> _TASK TO CARRY OUT_: Each entry below must be repeated exactly. Leave the pictures out of it.

(Excerpts from a dataset)
▼

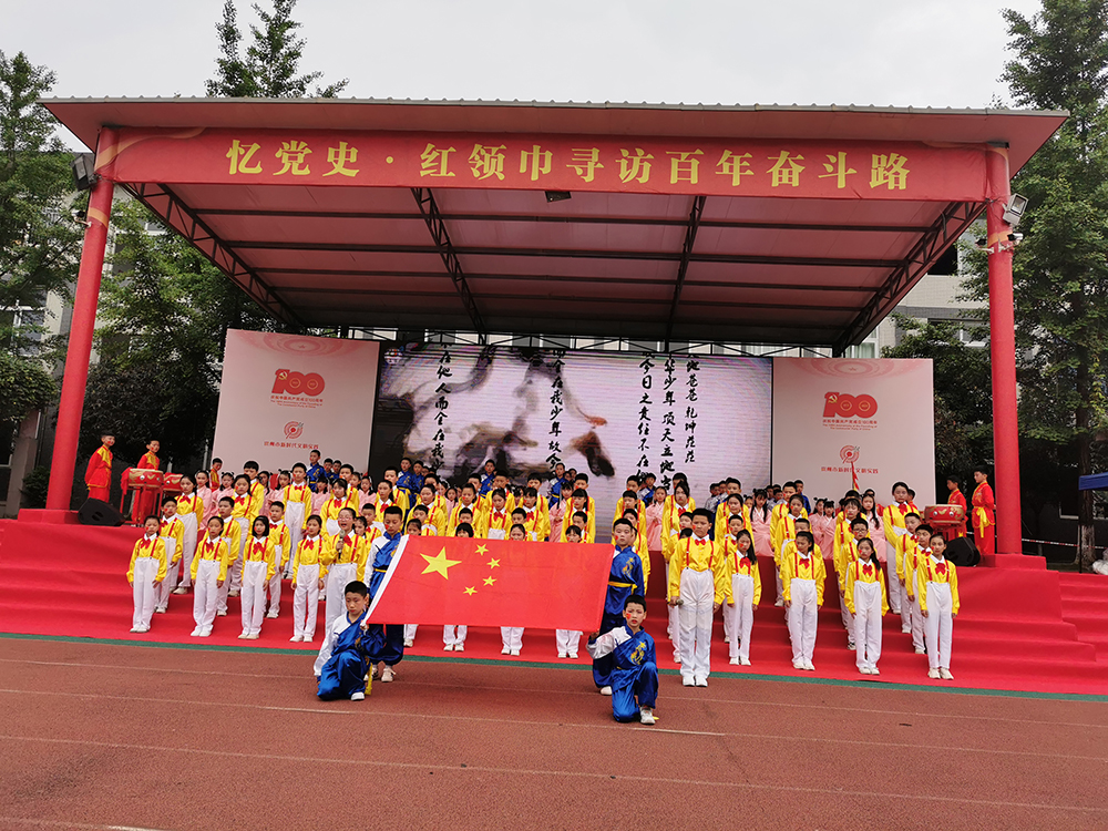 四川新闻网成都4月23日讯 4月23日,由崇州市精神文明办公室、崇州市新时代文明实践中心、崇州市教育局主办“崇州市乡村学校少年宫新时代文明实践基地”暨‘忆党史·红领巾寻访百年奋斗路’项目启动仪式”在崇州市街子学校举行。本次活动紧紧围绕庆祝中国共产党成立100周年这条主线,依托新时代文明实践中心,以乡村学校少年宫为抓手,整合基层文化阵地资源,面向农村未成年人开展文明实践活动,扎实推进基层未成年人思想道德建设。
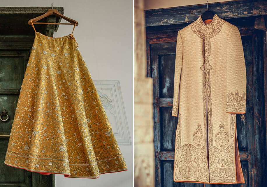 Monica’s wedding lehenga was designed by Manish Tripathi under his label Naveli. This rich yellow and orange ensemble was paired with a red ‘bandini’ dupatta that glinted with a shimmering gold border. The deep gold jewellery complemented the lush richness of the fabrics, and Puneet’s light brown sherwani with all-over gold threadwork, standout motifs and light brown ‘safa’ complemented Monica’s look perfectly.
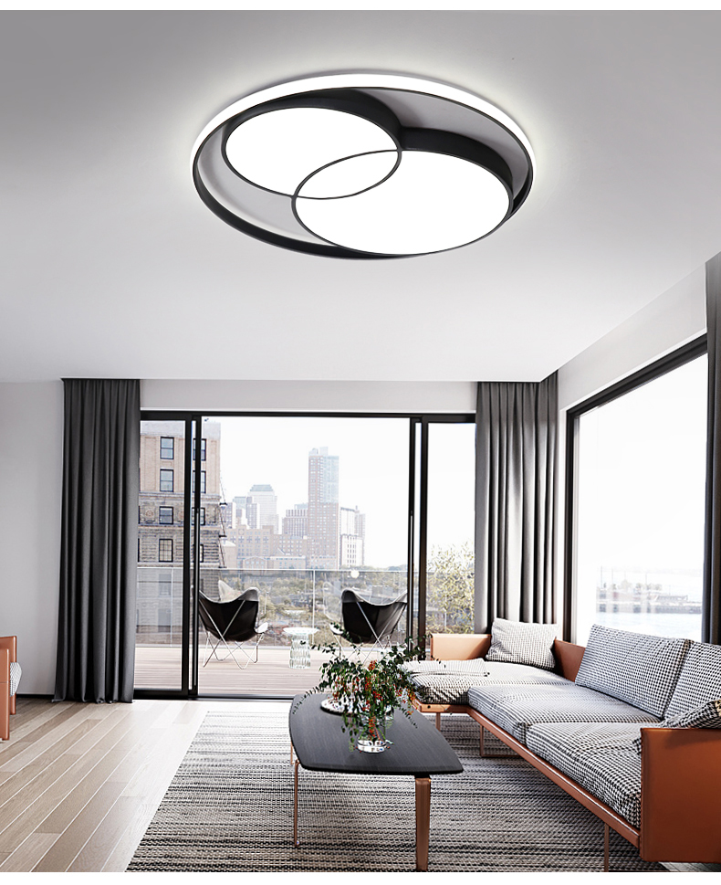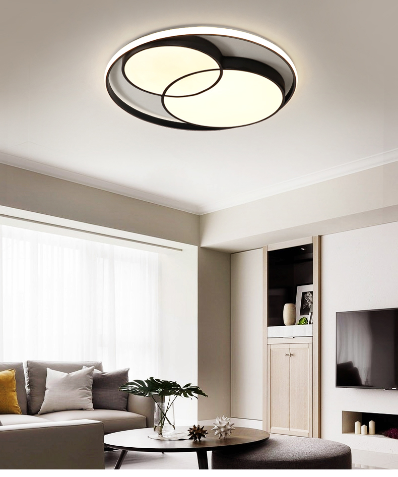 倔强大师优质铁艺+亚克力小米/小爱语音控制吸顶灯 光环双圈 黑色 尺寸:∅500x80 自营
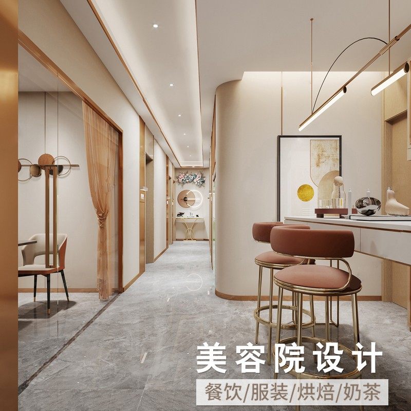 📚 美容院装修设计效果图美发皮肤管理spa美甲店面实体店铺装修设计
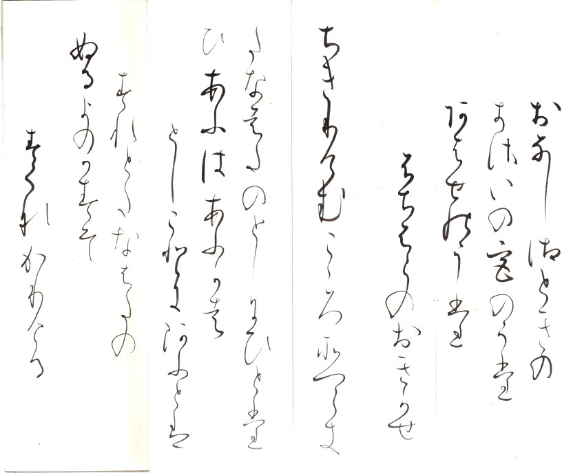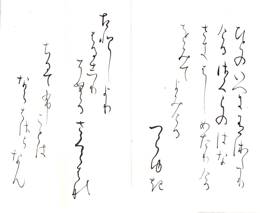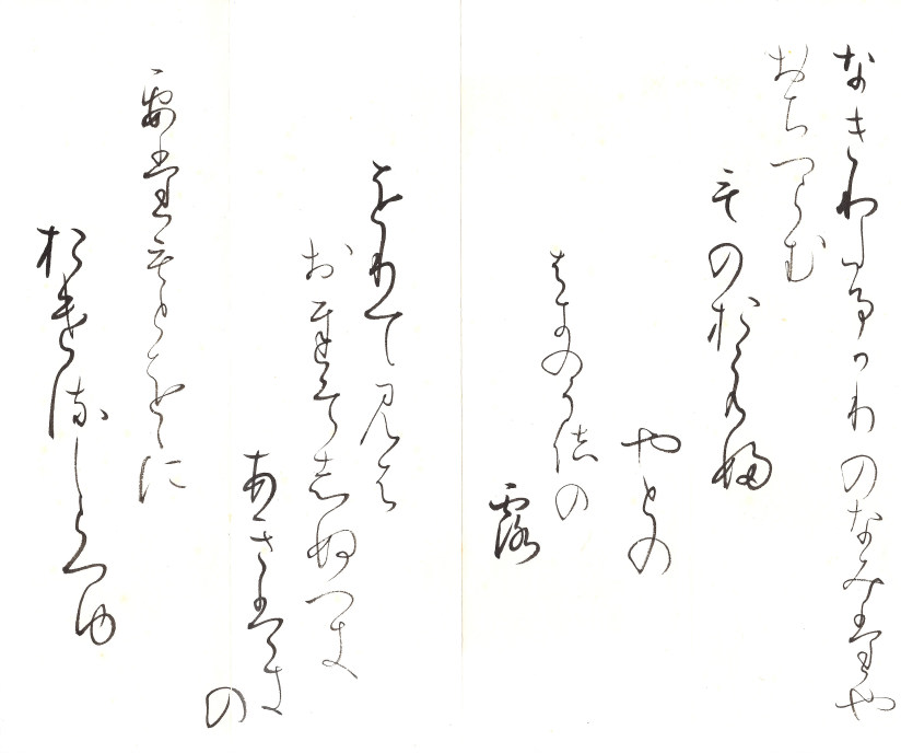 をりて見は おちそしぬへき 秋はきの 枝もたわわに おけるしらつゆ
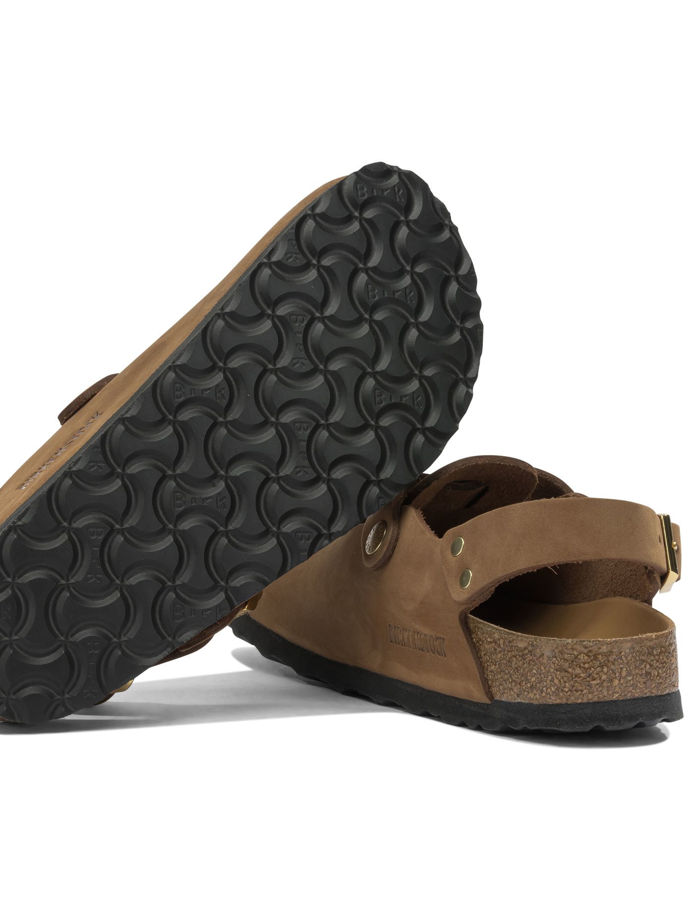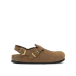 Les sandales Birkenstock « Tokio Hex » pour femme revisitent le sabot classique avec une approche moderne et fonctionnelle. Confectionnées en daim pleine fleur avec finition légèrement duveteuse, elles présentent une structure fermée à l’avant inspirée du sabot. Les deux brides réglables au niveau du cou-de-pied et du talon permettent un ajustement précis et confortable. La semelle anatomique en liège et latex, recouverte de cuir nappa lisse, épouse naturellement la forme du pied, tandis que la semelle extérieure en EVA garantit légèreté et souplesse au quotidien.
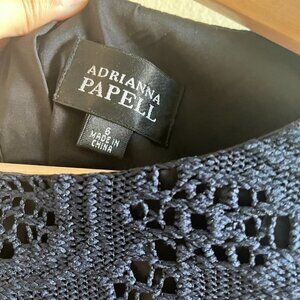 Adrianna Papell Size 6 Navy Blue Sleeves Crochet Lace Midi Pencil Dress Overlay
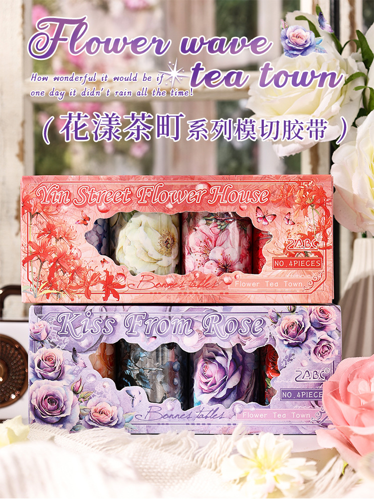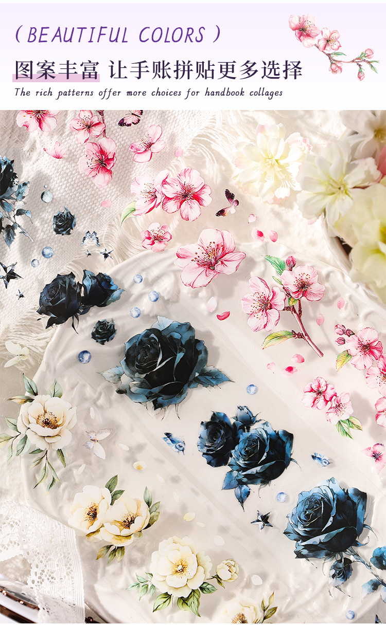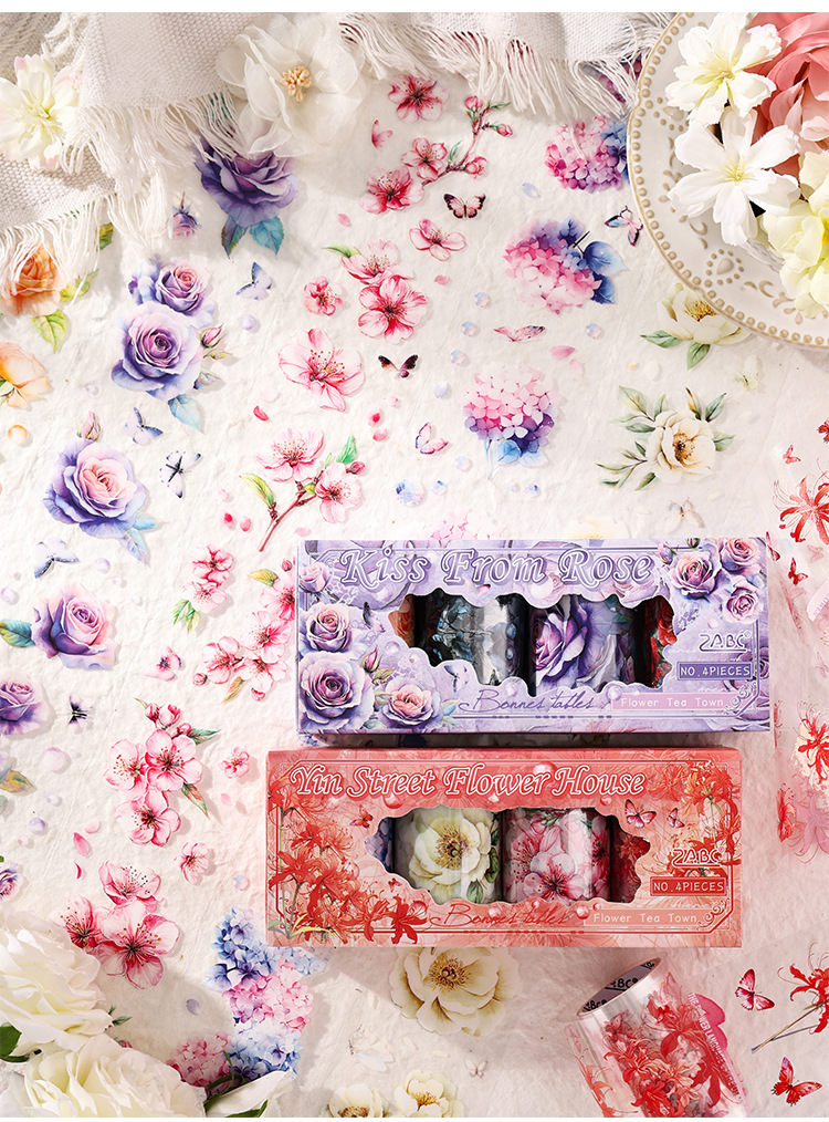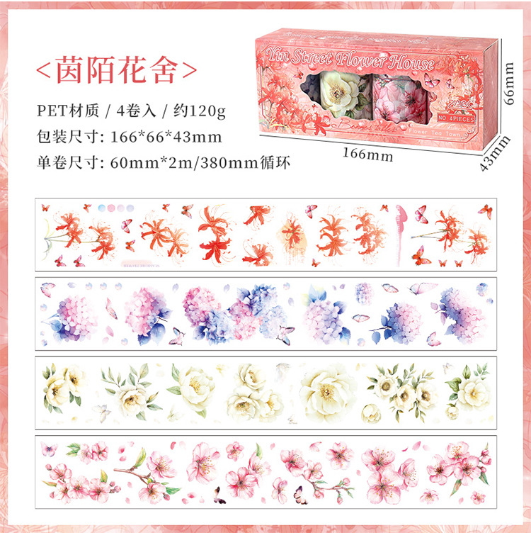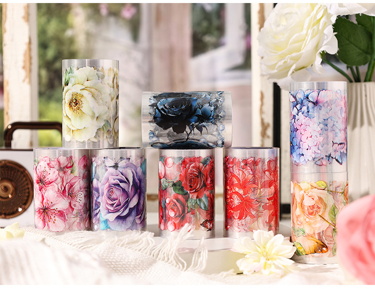 Huayang Chacho Transparente Pet Impermeable Flower Adhesivo Caja de cinta adhesiva Diy Material de cuenta manual Caja de cinta de collage decorativa
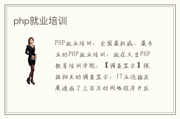 PHP就業(yè)培訓(xùn),全國最權(quán)威、最專業(yè)的PHP就業(yè)培訓(xùn),就在文豆PHP教育培訓(xùn)學(xué)院。【調(diào)查顯示】根據(jù)相關(guān)的調(diào)查顯示,IT業(yè)迅猛發(fā)展造成了上百萬的網(wǎng)絡(luò)程序開發(fā)、設(shè)計(jì)、建設(shè)、

▲

> _RESPONSE AREA_:
 四川新闻网成都4月23日讯 4月23日,由崇州市精神文明办公室、崇州市新时代文明实践中心、崇州市教育局主办“崇州市乡村学校少年宫新时代文明实践基地”暨‘忆党史·红领巾寻访百年奋斗路’项目启动仪式”在崇州市街子学校举行。本次活动紧紧围绕庆祝中国共产党成立100周年这条主线,依托新时代文明实践中心,以乡村学校少年宫为抓手,整合基层文化阵地资源,面向农村未成年人开展文明实践活动,扎实推进基层未成年人思想道德建设。
 Monica’s wedding lehenga was designed by Manish Tripathi under his label Naveli. This rich yellow and orange ensemble was paired with a red ‘bandini’ dupatta that glinted with a shimmering gold border. The deep gold jewellery complemented the lush richness of the fabrics, and Puneet’s light brown sherwani with all-over gold threadwork, standout motifs and light brown ‘safa’ complemented Monica’s look perfectly.
 倔强大师优质铁艺+亚克力小米/小爱语音控制吸顶灯 光环双圈 黑色 尺寸:∅500x80 自营
 📚 美容院装修设计效果图美发皮肤管理spa美甲店面实体店铺装修设计
 をりて見は おちそしぬへき 秋はきの 枝もたわわに おけるしらつゆ
 Les sandales Birkenstock « Tokio Hex » pour femme revisitent le sabot classique avec une approche moderne et fonctionnelle. Confectionnées en daim pleine fleur avec finition légèrement duveteuse, elles présentent une structure fermée à l’avant inspirée du sabot. Les deux brides réglables au niveau du cou-de-pied et du talon permettent un ajustement précis et confortable. La semelle anatomique en liège et latex, recouverte de cuir nappa lisse, épouse naturellement la forme du pied, tandis que la semelle extérieure en EVA garantit légèreté et souplesse au quotidien.
 Adrianna Papell Size 6 Navy Blue Sleeves Crochet Lace Midi Pencil Dress Overlay
 Huayang Chacho Transparente Pet Impermeable Flower Adhesivo Caja de cinta adhesiva Diy Material de cuenta manual Caja de cinta de collage decorativa
 PHP就業(yè)培訓(xùn),全國最權(quán)威、最專業(yè)的PHP就業(yè)培訓(xùn),就在文豆PHP教育培訓(xùn)學(xué)院。【調(diào)查顯示】根據(jù)相關(guān)的調(diào)查顯示,IT業(yè)迅猛發(fā)展造成了上百萬的網(wǎng)絡(luò)程序開發(fā)、設(shè)計(jì)、建設(shè)、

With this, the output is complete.